Снова миг пространственного просветления: она понимает, что стоит в холле, в дверях, ведущих на кухню… две колонны – впереди, справа – страшно близко – входная дверь, слева – парадная лестница… под лестницей каморка, в неё-то Дэнни и ныряет – и появляется с двумя большими жестяными банками в руках, отвинчивает на них крышки и опрокидывает на ковёр под лестницей. Острый запах каменного масла бьёт в нос. Светлана пятится, а Дэнни, присев, чиркает спичкой…

Они бегут назад, подталкиваемые жаром и светом набирающего силу пламени, потом – вверх по узкой крутой лестничке, потом вдруг Дэнни отшвыривает её назад и стреляет, и вспышки ему навстречу, и – ярко загорается свет. Кто-то косо валится впереди, кто-то пятится боком, боком – и исчезает за дверью. Красный ковёр. Бежевые обои.

Круглый стол с остатками еды и два упавших стула.

- Туда!

Пройти нельзя – стреляют в упор. Пули вбиваются в стену.

- Туда!

Другой коридор, пустой и тёмный. Едкий дым. Шевельнулась тень.

- Эй, это я, Кастелло!..

Выстрел. С воем – мимо щеки.

Дэнни толкает Светлану, она влетает в комнату. Пусто. Он дважды бьёт вдоль коридора и прыгает следом. Там опять грохочет – кажется, в два ствола.

- Вляпался, дурак. Ох, как же я вляпался…

Но что-то уже меняется. Топот ног и крики внизу, удары. Кто-то пробегает мимо, мелькнув мгновенным силуэтом. Дэнни срывает куртку, высовывает в коридор – выстрелов нет. Выскакивает, пистолет в двух руках, стремительно поворачивается направо, налево – пусто. Светлана появляется следом.

- Что?..

- Не знаю. Вперёд.

Бешеная – в клочья – стрельба там, где они недавно были: у круглого стола. Не войти…

Стихло.

Лицом вниз лежит полицейский. От дыма сизо. Обои заляпаны кровью, чьи-то ноги торчат из-под перевёрнутого стола.

И – детский крик сзади!

Дальше – всё сквозь пелену. Зал для гимнастики и танцев, катятся мячи. Билли в углу, прижался к стене, белый. Чёрная женщина в жёлтых одеждах движется неимоверно быстро, ведёт рукой – и, ведомый этой рукой, начинается визг, или скрежет, или непонятно что: ножом по стеклу, но стократ.
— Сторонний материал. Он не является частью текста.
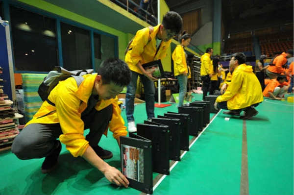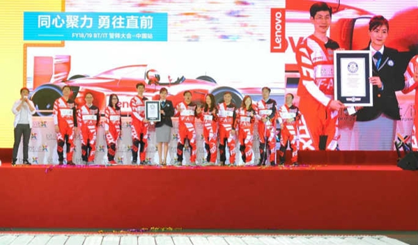 據吉尼斯世界紀錄官網報道,近日,聯想集團在北京航空航天大學體育館舉辦了以“同心聚力,勇往直前”為主題的誓師大會,1300名聯想員工參加了此次大會,并創造了一項新的吉尼斯世界紀錄稱號。在吉尼斯世界紀錄認證官的見證下,所有員工歷時兩小時,用520臺筆記本電腦成功創造“以多米諾骨牌形式擺放并推倒最多筆記本電腦”的新紀錄。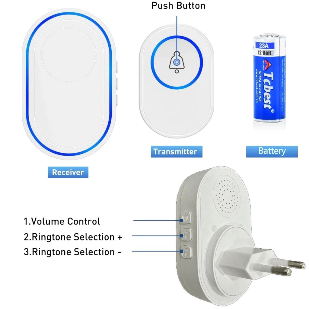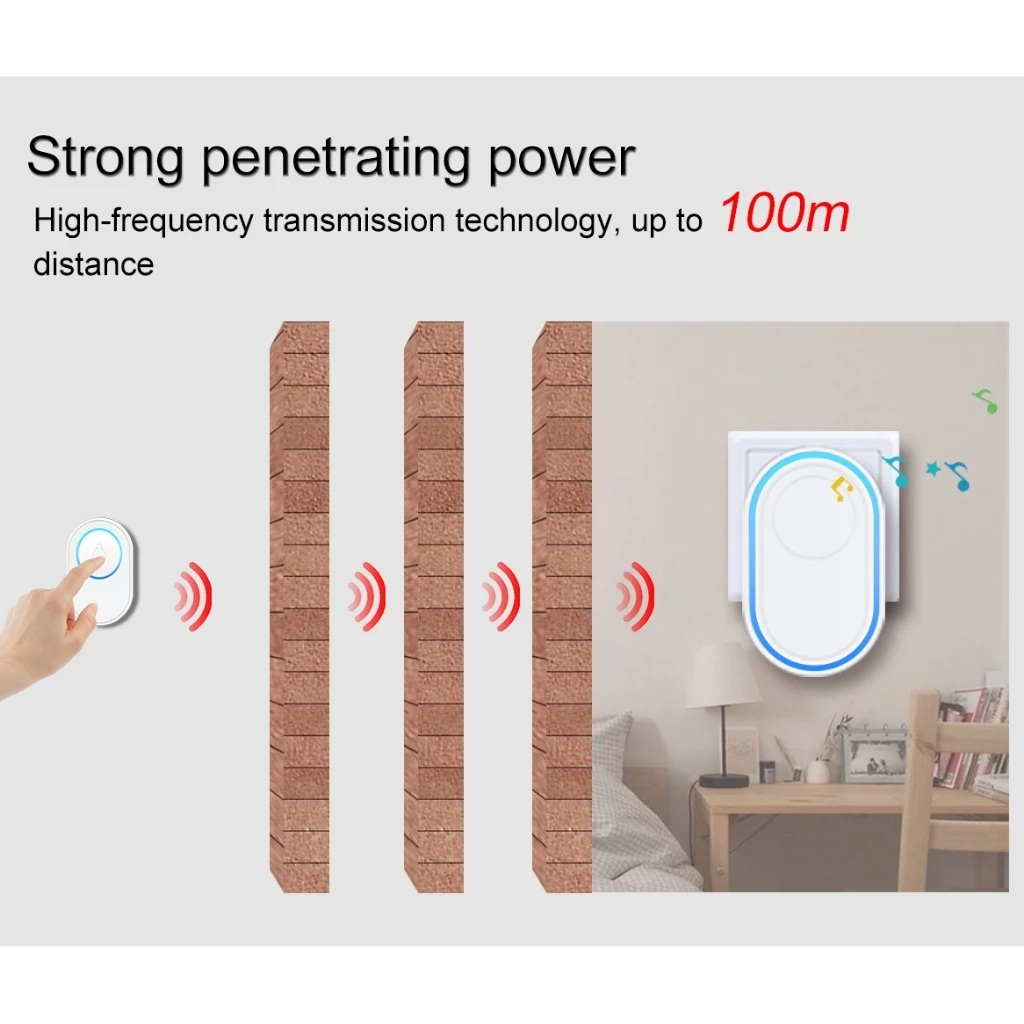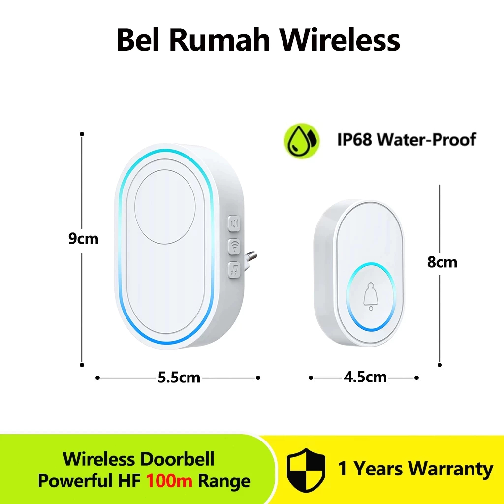 BEL RUMAH TANPA KABEL BEL PINTU RUMAH WIRELESS WATERPROOF LAMPU 58 RINGTONE RGB LAMPU AJAIB + 1 RECEIVER PINTAR PREMIUM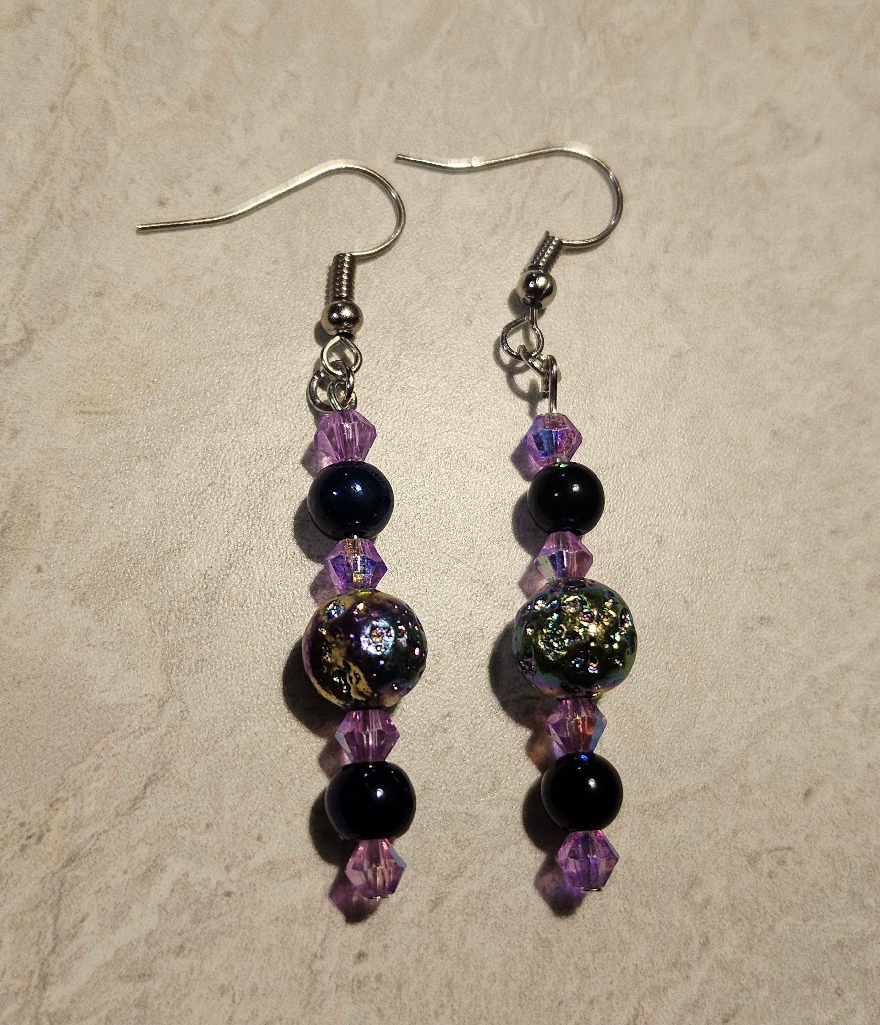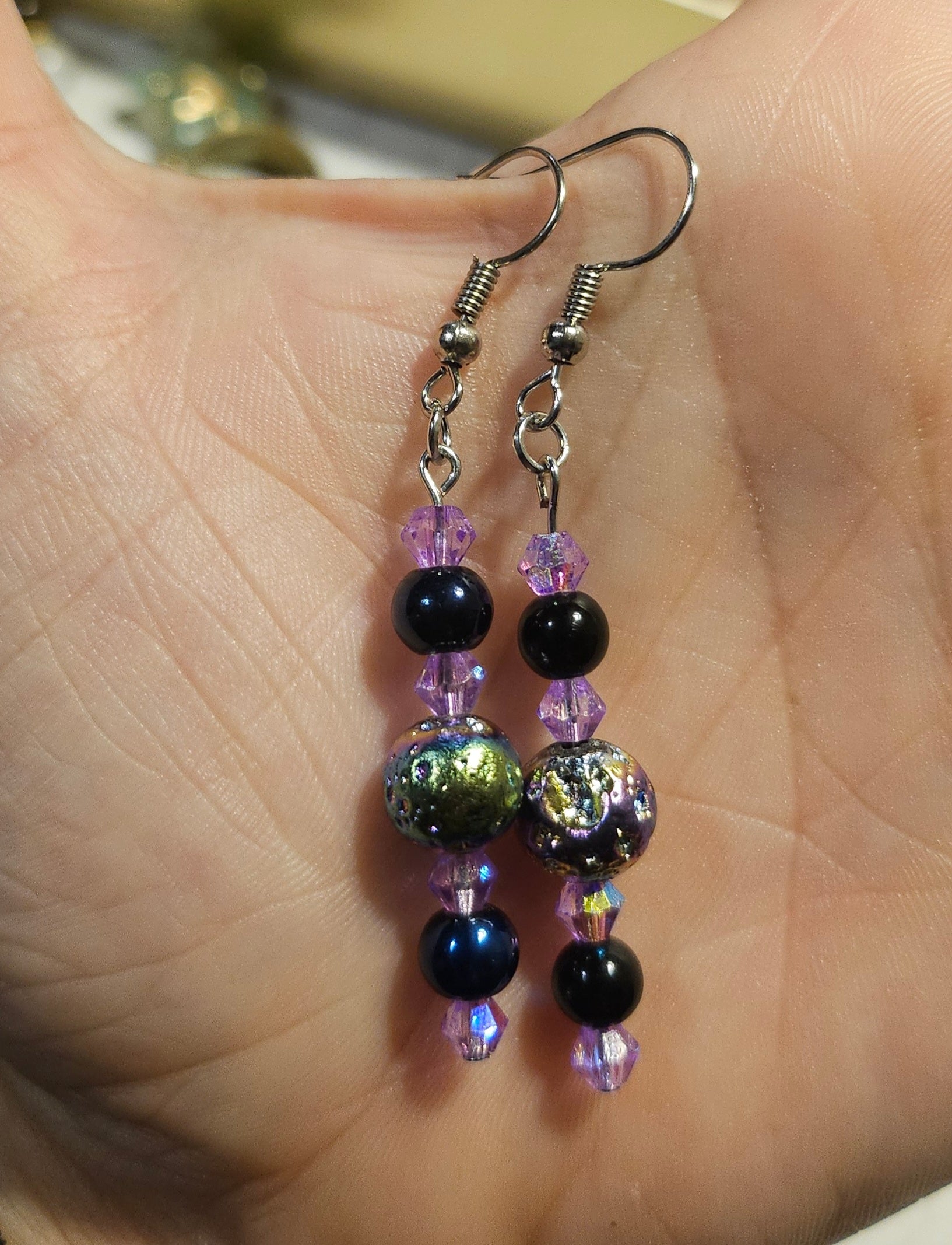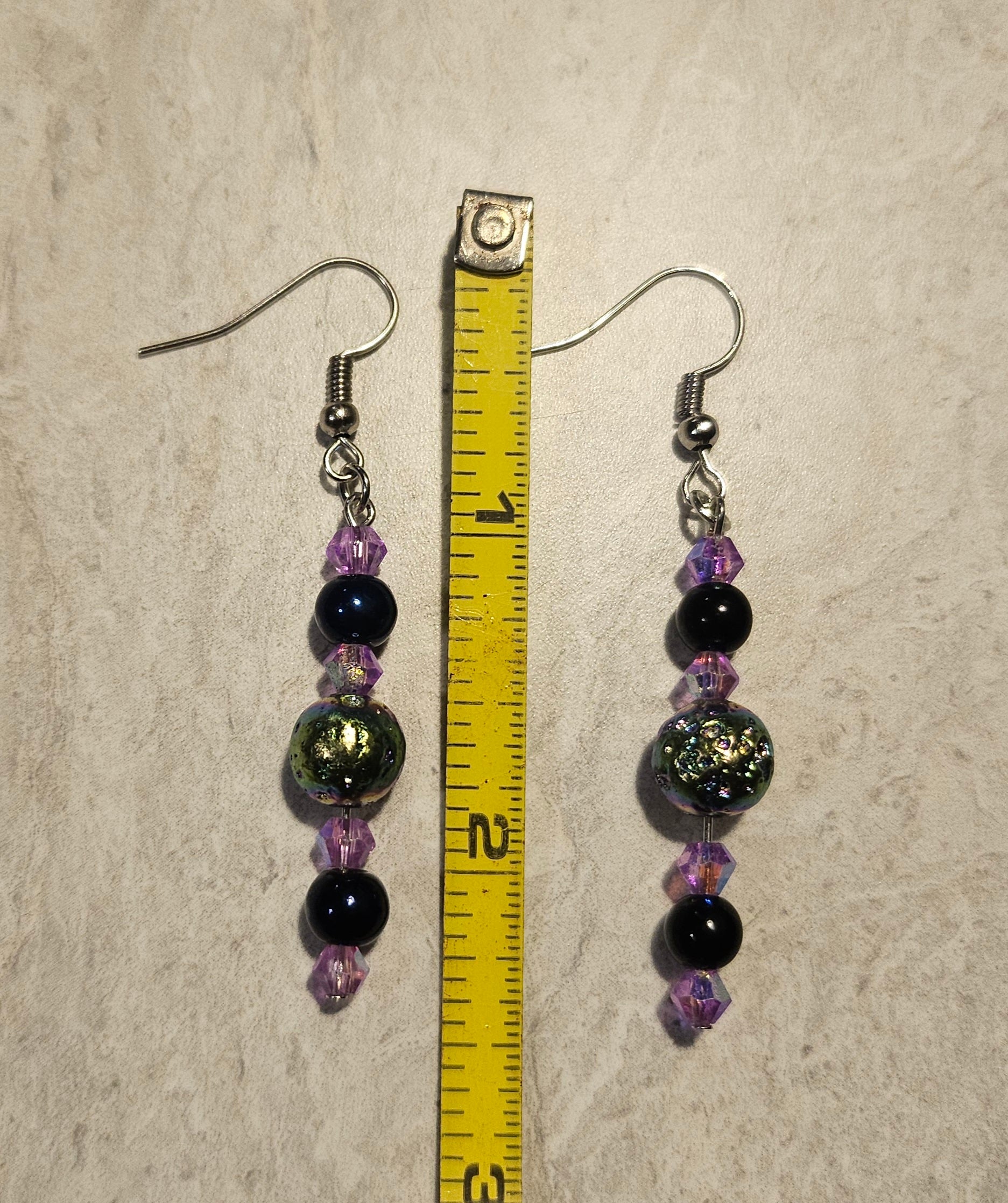 A pair 2" earrings made with iridescent lava rock and black beads spaced with purple glass beads on a silver eye pin with fishook earrings.

Красный туман в глазах… и такое нежелание жить, что хочется разорвать себя когтями…

Бо-уу… бо-уу… что-то происходит вокруг, в красной пелене расплываются синие кляксы…

Её толкают, она – щепка в водовороте… Бо-уу… – гудит над самым ухом, а потом непрерывно: бо-бо-бо-бо-ууу…

Эй, да помогите же ей… и кого-то рвёт рядом: Господи, Господи, да что же это делается такое, да разве же так можно с живыми людьми…

Как просверк: на стене головой вниз распят человек, и с ним что-то неправильно, но понять это неправильное невозможно… Да застрелите вы его, Бога ради, так же нельзя! – рыдает кто-то…

Мама, ты только туда не смотри, не смотри. Да, милый, да… как ты сам? Я ничего, я ничего…

Кровавый туман без перехода сменяется чёрным, а потом вдруг оказывается, что это небо, в которое плотным снопом летят искры. Страшно светло – низовым светом. Тёмное лицо склоняется, ну, умница, Светочка, ну и хорошо… Этого не может быть, это продолжение бреда, но – счастливого бреда, и Светлана шепчет с улыбкой: дядька Игнат, ты опять пришёл меня спасать, да?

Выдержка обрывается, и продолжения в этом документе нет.